Task instructions
Exact copy, pictures excluded: print the lines from the one with "在中國青年企業家協會助力西部" through the final line of the records.

Records supplied
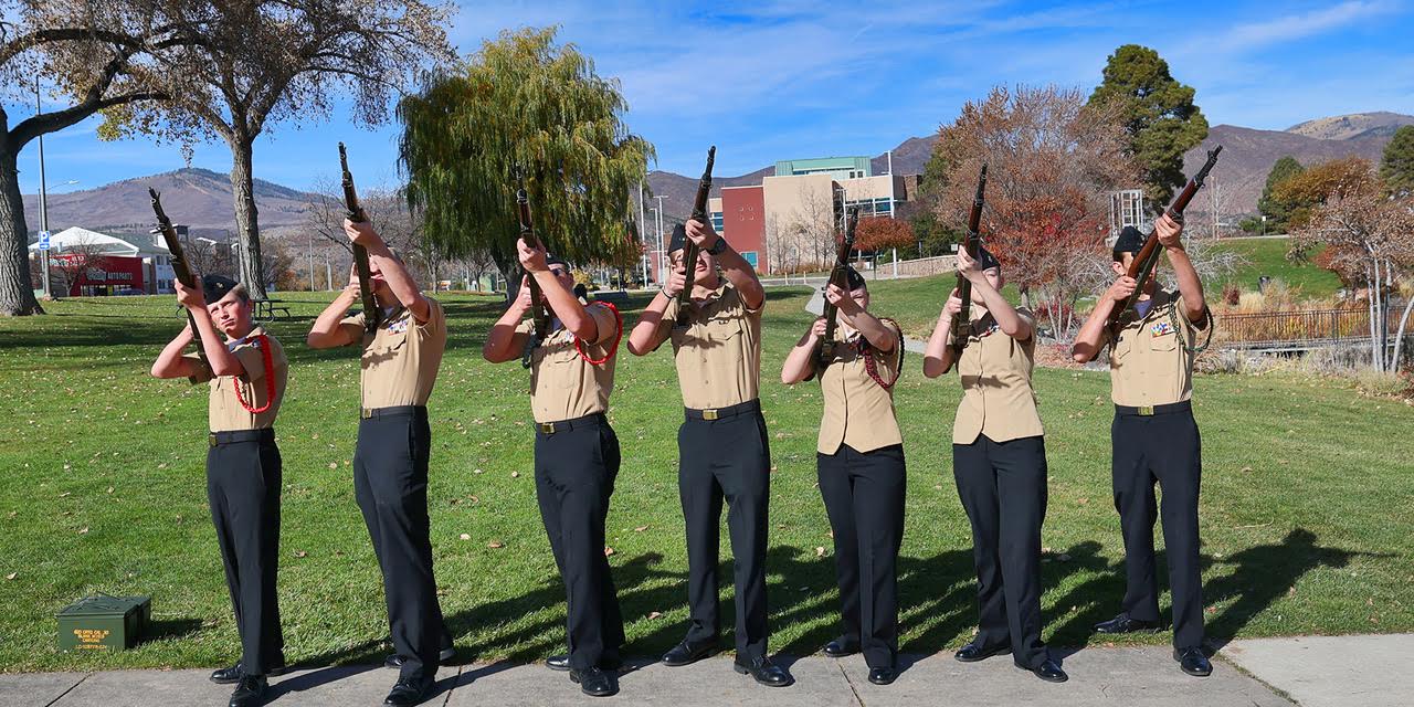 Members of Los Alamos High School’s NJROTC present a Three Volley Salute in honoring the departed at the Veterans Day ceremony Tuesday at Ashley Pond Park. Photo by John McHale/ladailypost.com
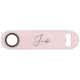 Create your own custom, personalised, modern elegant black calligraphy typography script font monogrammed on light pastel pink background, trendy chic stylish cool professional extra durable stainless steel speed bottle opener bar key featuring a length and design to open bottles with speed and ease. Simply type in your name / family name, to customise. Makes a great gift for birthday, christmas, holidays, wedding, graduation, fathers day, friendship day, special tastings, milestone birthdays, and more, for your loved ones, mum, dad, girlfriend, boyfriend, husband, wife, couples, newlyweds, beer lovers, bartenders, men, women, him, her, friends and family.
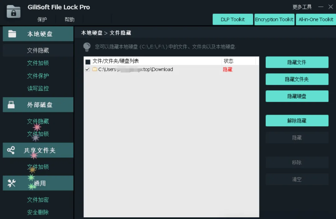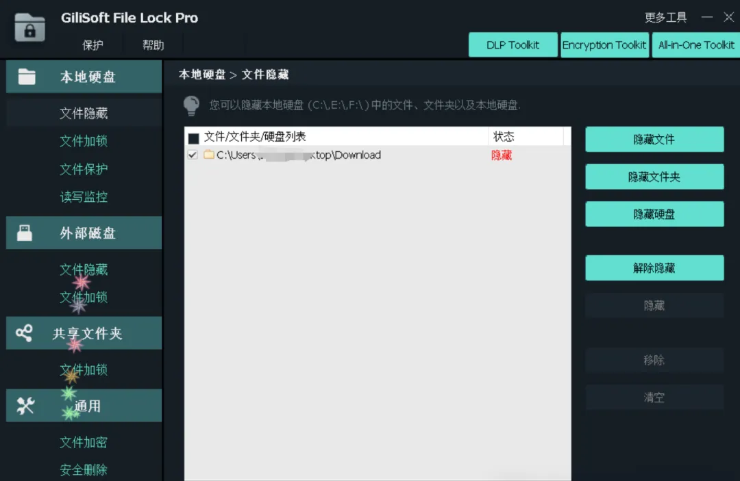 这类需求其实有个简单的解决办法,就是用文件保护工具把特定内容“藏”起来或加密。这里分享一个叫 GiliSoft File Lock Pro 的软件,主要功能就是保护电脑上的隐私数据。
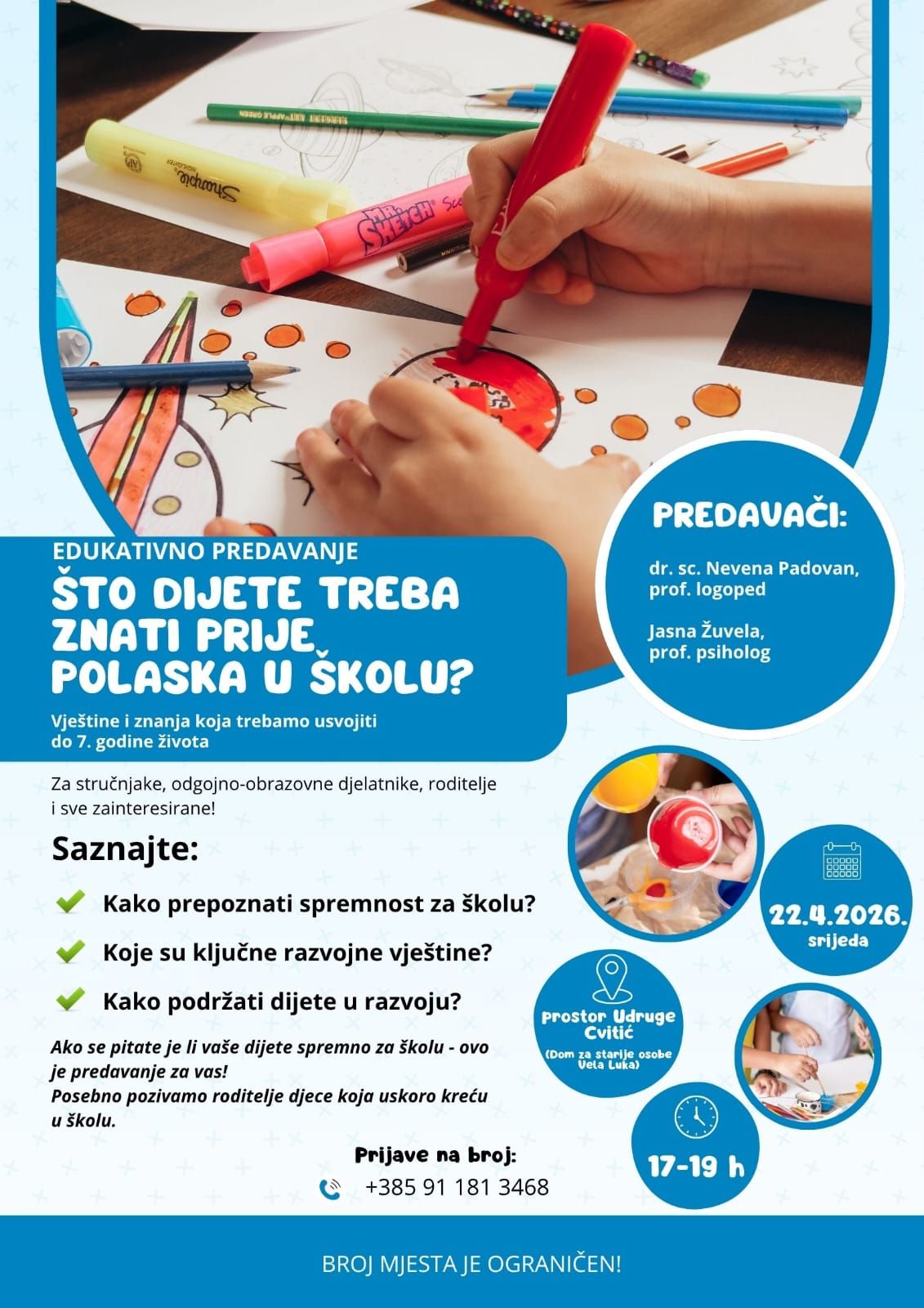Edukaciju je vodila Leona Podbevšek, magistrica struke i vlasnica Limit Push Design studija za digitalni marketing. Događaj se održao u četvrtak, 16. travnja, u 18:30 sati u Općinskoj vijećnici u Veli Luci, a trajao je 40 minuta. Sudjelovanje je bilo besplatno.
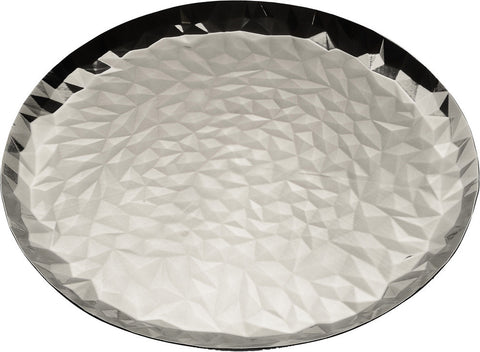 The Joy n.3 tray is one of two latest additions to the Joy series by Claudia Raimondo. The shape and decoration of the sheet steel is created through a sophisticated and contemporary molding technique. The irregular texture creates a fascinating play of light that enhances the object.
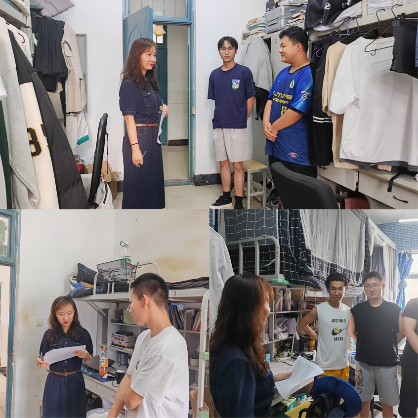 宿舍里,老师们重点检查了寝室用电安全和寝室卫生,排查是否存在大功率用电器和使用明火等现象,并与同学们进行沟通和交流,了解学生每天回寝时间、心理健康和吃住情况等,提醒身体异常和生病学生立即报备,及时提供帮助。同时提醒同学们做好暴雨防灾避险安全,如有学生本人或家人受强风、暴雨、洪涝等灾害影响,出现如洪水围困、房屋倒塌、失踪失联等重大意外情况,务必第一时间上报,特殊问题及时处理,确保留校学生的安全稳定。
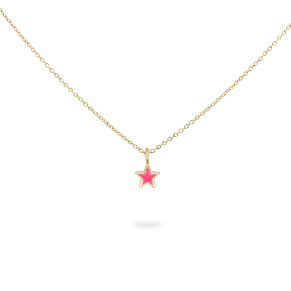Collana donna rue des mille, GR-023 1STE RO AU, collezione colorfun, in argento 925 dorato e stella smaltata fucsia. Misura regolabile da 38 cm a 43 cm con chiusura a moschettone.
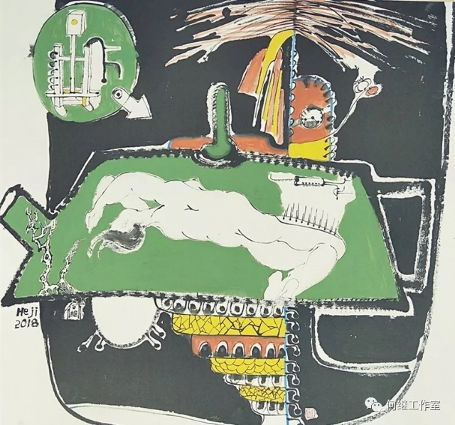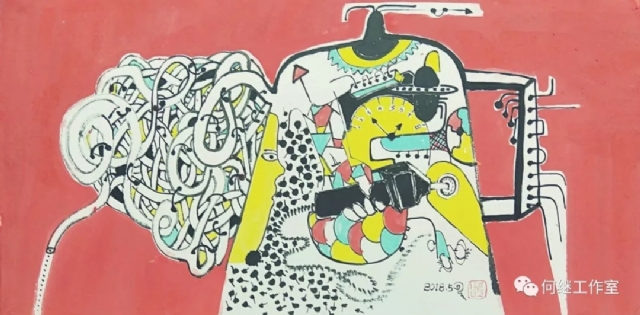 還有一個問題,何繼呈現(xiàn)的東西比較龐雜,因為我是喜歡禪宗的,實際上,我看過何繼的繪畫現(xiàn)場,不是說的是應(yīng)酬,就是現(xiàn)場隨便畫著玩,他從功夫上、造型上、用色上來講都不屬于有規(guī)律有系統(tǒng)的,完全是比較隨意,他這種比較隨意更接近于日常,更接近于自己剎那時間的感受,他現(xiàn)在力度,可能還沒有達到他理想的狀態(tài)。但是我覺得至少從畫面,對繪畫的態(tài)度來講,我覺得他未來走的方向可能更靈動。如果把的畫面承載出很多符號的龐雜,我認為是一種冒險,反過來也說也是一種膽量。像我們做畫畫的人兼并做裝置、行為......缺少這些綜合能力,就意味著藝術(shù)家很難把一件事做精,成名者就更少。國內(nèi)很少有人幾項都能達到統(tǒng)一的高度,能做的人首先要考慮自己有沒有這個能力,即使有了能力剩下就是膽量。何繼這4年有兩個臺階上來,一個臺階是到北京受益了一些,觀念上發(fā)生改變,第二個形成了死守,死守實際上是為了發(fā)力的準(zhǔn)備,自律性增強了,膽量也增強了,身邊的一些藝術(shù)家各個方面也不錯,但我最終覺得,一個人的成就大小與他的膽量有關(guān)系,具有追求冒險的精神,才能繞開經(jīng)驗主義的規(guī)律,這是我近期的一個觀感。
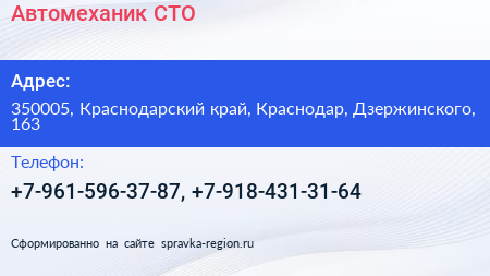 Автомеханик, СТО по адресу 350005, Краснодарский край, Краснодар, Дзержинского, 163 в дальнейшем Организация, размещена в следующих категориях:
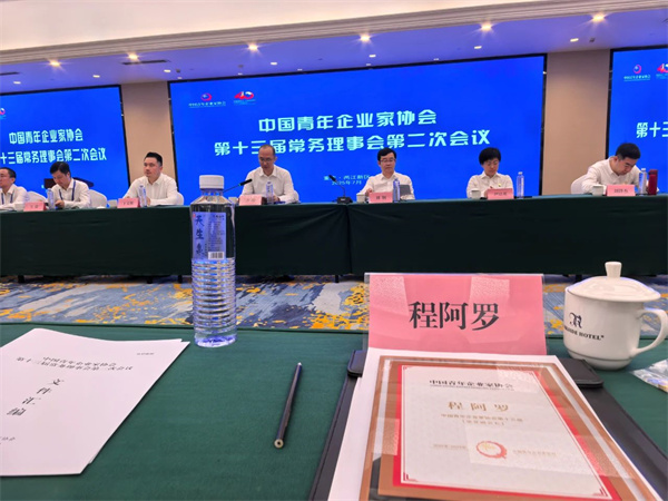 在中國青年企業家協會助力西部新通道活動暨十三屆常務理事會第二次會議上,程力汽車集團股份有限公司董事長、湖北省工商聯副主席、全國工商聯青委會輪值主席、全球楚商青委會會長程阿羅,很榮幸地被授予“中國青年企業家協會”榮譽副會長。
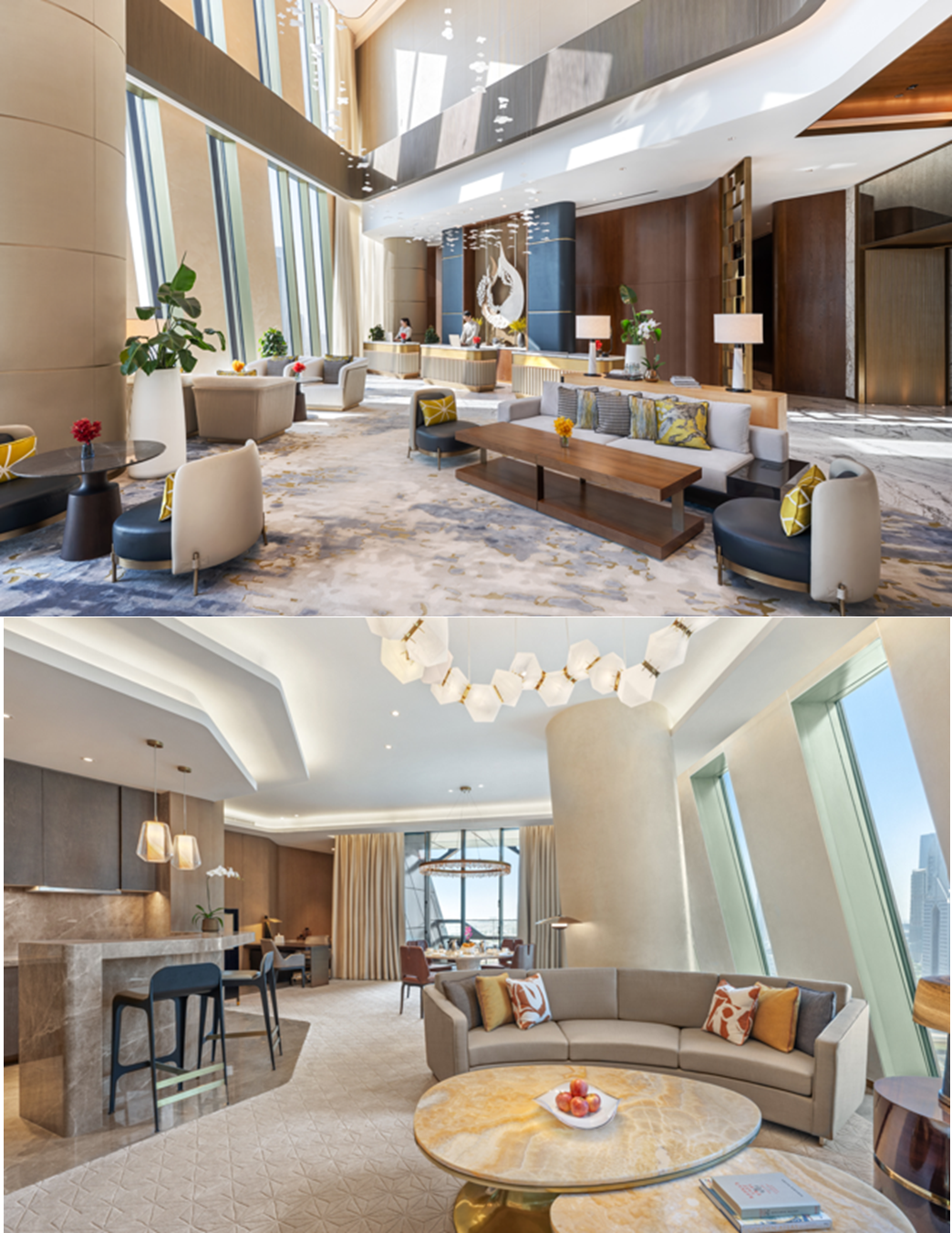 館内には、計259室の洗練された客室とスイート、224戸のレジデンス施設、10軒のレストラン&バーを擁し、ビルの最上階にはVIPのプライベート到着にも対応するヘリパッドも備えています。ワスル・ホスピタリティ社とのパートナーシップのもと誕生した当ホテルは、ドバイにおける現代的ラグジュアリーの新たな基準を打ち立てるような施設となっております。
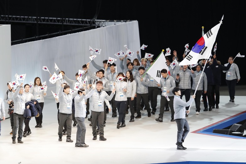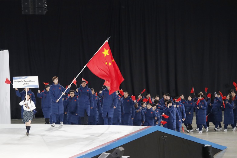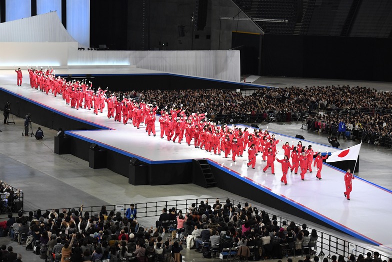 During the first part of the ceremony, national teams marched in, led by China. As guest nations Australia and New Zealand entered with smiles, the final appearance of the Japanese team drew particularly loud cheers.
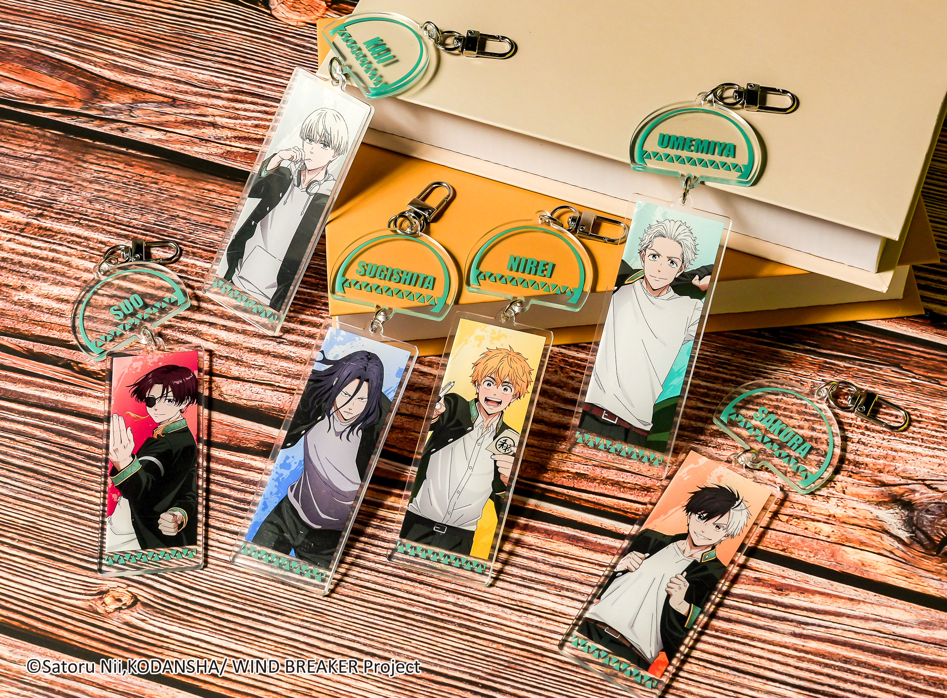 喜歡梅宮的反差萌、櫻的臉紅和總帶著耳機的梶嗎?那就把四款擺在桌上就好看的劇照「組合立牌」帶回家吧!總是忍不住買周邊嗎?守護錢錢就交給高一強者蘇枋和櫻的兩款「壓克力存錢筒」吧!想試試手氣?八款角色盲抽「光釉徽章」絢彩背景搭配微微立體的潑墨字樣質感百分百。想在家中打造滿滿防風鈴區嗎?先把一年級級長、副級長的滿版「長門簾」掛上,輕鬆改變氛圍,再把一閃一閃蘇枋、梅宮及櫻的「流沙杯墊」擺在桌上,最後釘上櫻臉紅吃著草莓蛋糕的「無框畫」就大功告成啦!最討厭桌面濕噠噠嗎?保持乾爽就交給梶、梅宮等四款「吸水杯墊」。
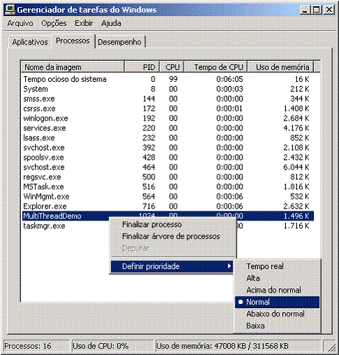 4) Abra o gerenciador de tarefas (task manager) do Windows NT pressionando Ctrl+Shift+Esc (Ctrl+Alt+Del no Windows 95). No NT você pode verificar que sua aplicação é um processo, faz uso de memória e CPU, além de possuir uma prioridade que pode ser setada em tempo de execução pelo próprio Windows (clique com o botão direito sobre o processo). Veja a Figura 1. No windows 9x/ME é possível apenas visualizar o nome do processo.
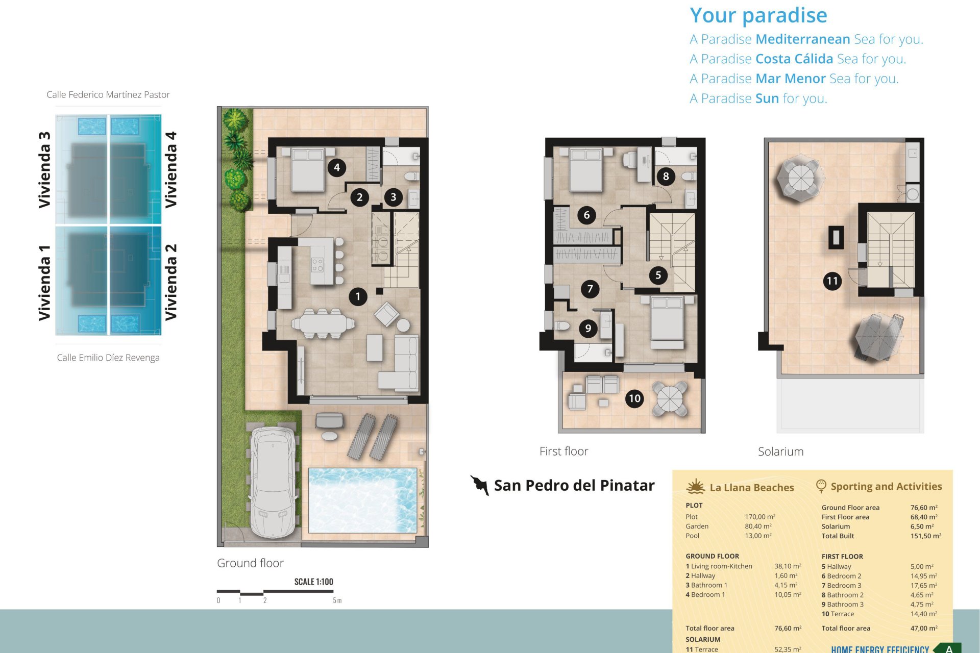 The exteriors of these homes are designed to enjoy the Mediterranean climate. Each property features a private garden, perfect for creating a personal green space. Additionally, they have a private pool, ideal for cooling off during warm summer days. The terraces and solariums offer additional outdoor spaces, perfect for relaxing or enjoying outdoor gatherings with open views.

Problem solution
 在中國青年企業家協會助力西部新通道活動暨十三屆常務理事會第二次會議上,程力汽車集團股份有限公司董事長、湖北省工商聯副主席、全國工商聯青委會輪值主席、全球楚商青委會會長程阿羅,很榮幸地被授予“中國青年企業家協會”榮譽副會長。
 館内には、計259室の洗練された客室とスイート、224戸のレジデンス施設、10軒のレストラン&バーを擁し、ビルの最上階にはVIPのプライベート到着にも対応するヘリパッドも備えています。ワスル・ホスピタリティ社とのパートナーシップのもと誕生した当ホテルは、ドバイにおける現代的ラグジュアリーの新たな基準を打ち立てるような施設となっております。
 During the first part of the ceremony, national teams marched in, led by China. As guest nations Australia and New Zealand entered with smiles, the final appearance of the Japanese team drew particularly loud cheers.
 喜歡梅宮的反差萌、櫻的臉紅和總帶著耳機的梶嗎?那就把四款擺在桌上就好看的劇照「組合立牌」帶回家吧!總是忍不住買周邊嗎?守護錢錢就交給高一強者蘇枋和櫻的兩款「壓克力存錢筒」吧!想試試手氣?八款角色盲抽「光釉徽章」絢彩背景搭配微微立體的潑墨字樣質感百分百。想在家中打造滿滿防風鈴區嗎?先把一年級級長、副級長的滿版「長門簾」掛上,輕鬆改變氛圍,再把一閃一閃蘇枋、梅宮及櫻的「流沙杯墊」擺在桌上,最後釘上櫻臉紅吃著草莓蛋糕的「無框畫」就大功告成啦!最討厭桌面濕噠噠嗎?保持乾爽就交給梶、梅宮等四款「吸水杯墊」。
 4) Abra o gerenciador de tarefas (task manager) do Windows NT pressionando Ctrl+Shift+Esc (Ctrl+Alt+Del no Windows 95). No NT você pode verificar que sua aplicação é um processo, faz uso de memória e CPU, além de possuir uma prioridade que pode ser setada em tempo de execução pelo próprio Windows (clique com o botão direito sobre o processo). Veja a Figura 1. No windows 9x/ME é possível apenas visualizar o nome do processo.
 The exteriors of these homes are designed to enjoy the Mediterranean climate. Each property features a private garden, perfect for creating a personal green space. Additionally, they have a private pool, ideal for cooling off during warm summer days. The terraces and solariums offer additional outdoor spaces, perfect for relaxing or enjoying outdoor gatherings with open views.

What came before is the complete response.